Para aspirar a ocupar cargo en el cabildo se necesitaba ser vecino, es decir, aquel ciudadano que poseía “casa poblada, armas y caballo”, con residencia en el lugar desde un número de años y dispuesto a sustentar y defender la ciudad según la voluntad del cabildo. El pretendiente elevaba una petición al cabildo para que, aceptándolo, lo asentase en el libro correspondiente.
Como se ha visto, en la elección de regidores los procedimientos democráticos no se compadecen con el criterio moderno, pues el sufragio era calificado –votaban los que tenían la calidad de vecinos y además eran los cabildantes salientes-, pero es necesario ubicarse en el momento histórico, donde la formación política del pueblo revelaba formas menos evolucionadas.
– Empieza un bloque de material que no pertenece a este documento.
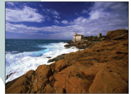
A more placid spring sea. The Calafuria coast of the Tyrrhenian Sea.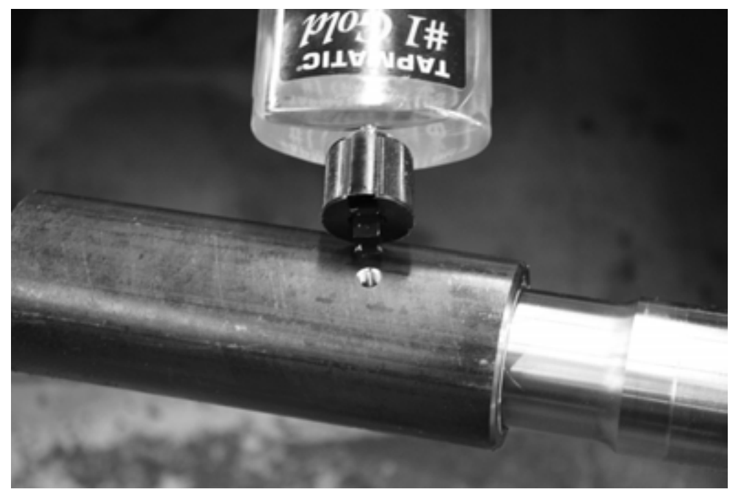
Apply a liberal amount of cutting fluid through the oiling port on the boring tool housing. You will need to add more fluid as you go. It is <u>VERY IMPORTANT</u> to add cutting fluid as necessary to make sure the cutting head has proper lubrication. FAILURE TO DO THIS WILL RESULT IN PERMANENT DAMAGE TO BOTH THE BORING TOOL AND YOUR HOUSING.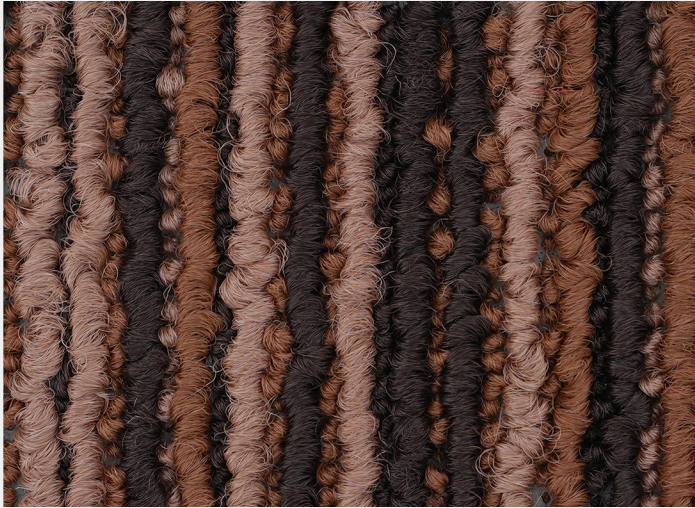
C5.01 - CINNAMON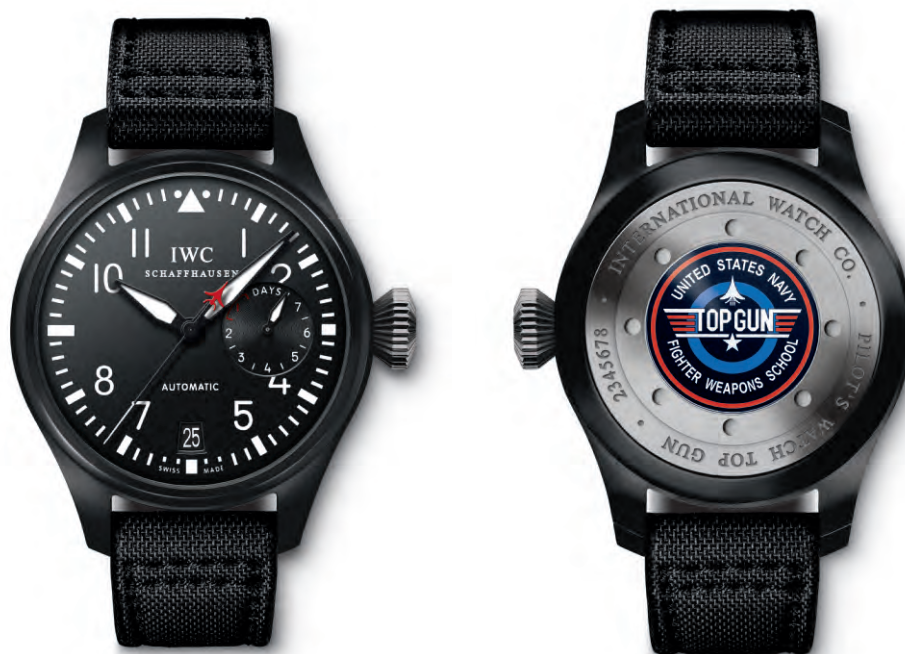
REF. IW501901 in ceramic with black soft strap

Mechanical movement · Pellaton automatic winding · IWC-manufactured 51111 calibre (50000-calibre family) · 7-day power reserve when fully wound · Power reserve display · Date display · Central hacking seconds · Glucydur® beryllium alloy balance with high-precision adjustment cam on balance arms · Breguet spring · Screw-in crown · Sapphire glass, convex, antireflective coating on both sides · Glass secured against displacement by drops in air pressure · Water-resistant 6 bar · Case height 15 mm · Diameter 48 mm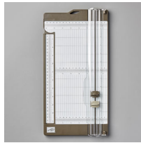
Paper Trimmer [152392] $26.00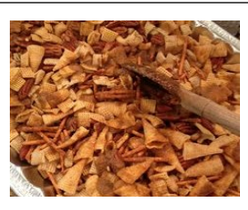
Diane's Wicked Chex Mix

Mix the following together in large roasting pan, then combine with above ingredients. Stir and roast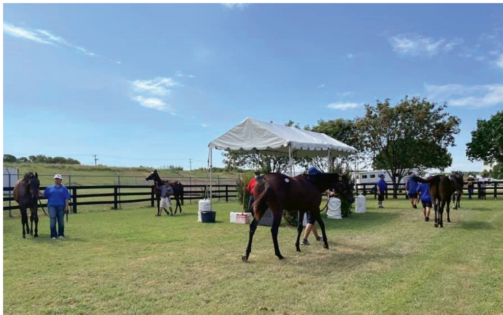
Last year's Texas 2-year-olds in training sale in April produced some eye-catching numbers

and Quarter Horse racing history, and I think the future is very bright for breeding and racing here," Collin-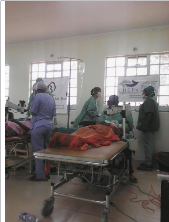
Two surgeons operating at same time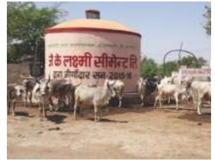
Construction of drinking water tanks for animals (Oru)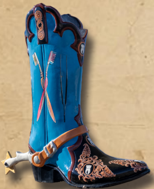
DENTAL ART 7010 Yellowstone Road Artist: Ross Lampshire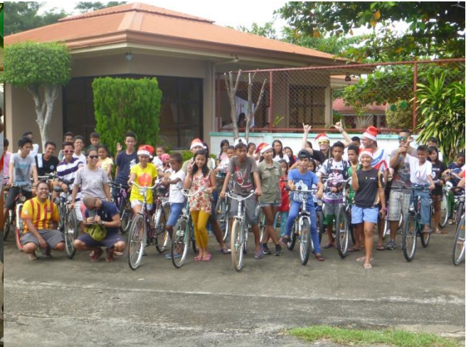
Excited leaps for the bikes to keep...

established strong bond which led them to be one and work as one. Children were able to experience the spirit of Christmas and were able to understand its true meaning by simply being with everyone and through receiving their one of the most special gifts this Christmas and that was the bikes. Everyone expressed their love by means of sharing their quality time with each other and exchanging of gifts. The said activity made the scholars enjoy each moment of fun and excitement. Furthermore, the activity is also a venue for children to be in their natural manner where they can be better-off in their own special way. Sharing every moment on the swimming pool with everybody sealed their happiness on the entire activity.

En determinados períodos, ciertos cargos fueron vendibles para sostener la crisis financiera de la Real Hacienda. Sin embargo, debe destacarse que esta práctica causó desagrado en la institución capitular, que en muchos lugares la consideró dañina para su dignidad y eficacia. En la venta de los cargos se tuvo especial cuidado en excluir aquellos con jurisdicción, o sea, los que administraban justicia, tal el caso de los alcaldes de primero y segundo voto.
Pese a sus falencias y puntos criticables, el cabildo aparece, considerando la distancia de siglos respecto de los actuales conceptos de democracia representativa, como germen de un sistema más fortalecido de los intereses de la comunidad ante un poder tradicionalmente concentrado.